Janáček philharmonic OstravaKoncertyM3 New Year’s Concert III

12. 01. 2024
19:00 p.m.
Kino Vesmír
from 450 CZK

M3 New Year’s Concert III

The Janáček Philharmonic will welcome the New Year with the most popular Czech opera, a position held by Bedřich Smetana’s Bartered Bride since its premiere. Also fragments from the opera Julietta by Bohuslav Martinů and the New World Symphony by Antonín Dvořák.


Bedřich Smetana
The Bartered Bride, overture to the opera

Bohuslav Martinů
Fragment from the opera Julietta H 253A1

Antonín Dvořák
Symphony No. 9 in E minor, Op. 95 B 178 “From the New World”


Kateřina Kněžíková – soprano
Richard Samek – tenor
Jiří Hájek – baritone
Janáček Philharmonic Ostrava
Vassily Sinaisky – Chief Conductor of the JPO


The Janáček Philharmonic will celebrate the arrival of the New Year with works by three Czech musical giants. Bedřich Smetana’s The Bartered Bride has held its position as the most popular Czech opera since its premiere in 1866. The spectacular, Mozart-like, sparkling and in the true sense virtuoso overture is still one of the favourite performances of Czech and international orchestras.

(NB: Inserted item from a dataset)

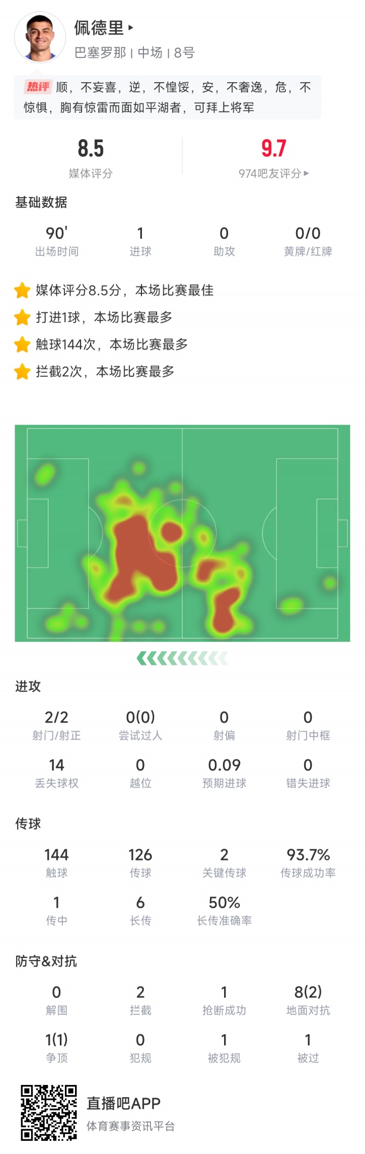 此役佩德里轰出1记天下波,送出2次要津传球,全场他累计触球144次,送出126次传球,传球奏效能93.7%。,奏效当选全场最好球员。

Fragments from Bohuslav Martinů’s Juliette present a cross-section of the work, which the composer created in 1939 for a performance on Paris radio. The surrealistic libretto by French playwright and poet Georges Neveux brings us into the illusionary world of bookseller Michel and his unreachable femme fatale named Juliette. The second of the fragments is a dreamlike image of a forest, where Michel’s real memories clash with Juliette’s fantastical imagery. The scene shows how thin the line between reality and fiction can be.

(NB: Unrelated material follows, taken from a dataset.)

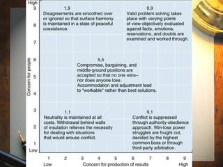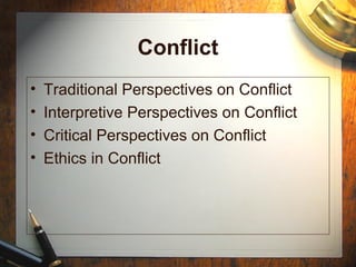 This document provides an overview of traditional perspectives on conflict, including definitions of interpersonal conflict and styles of conflict management. It discusses positives and negatives of conflict, and five styles of conflict management: avoiding, forcing, accommodating, collaborating, and compromising. The document also examines competence-based approaches to conflict, focusing on phases of conflict such as differentiation, mutual problem description, and integration. Additional topics covered include groupthink and how to avoid it, and dimensions of conflict including content, relational, and situational factors. Finally, the document outlines strategies for managing conflict based on interests, rights, and power.

By creating the New World Symphony, Antonín Dvořák gave birth to one of his most profound and beautiful compositions. The work was composed during Dvořák’s American stay in 1893 and reflects not only impressions of American nature and lifestyle but also inspiration from African American and Native American folk music. The lively musicality brought the work extraordinary success. The moving melody of the English horn in the Largo of the second movement has become one of the most famous in the world of symphonic literature.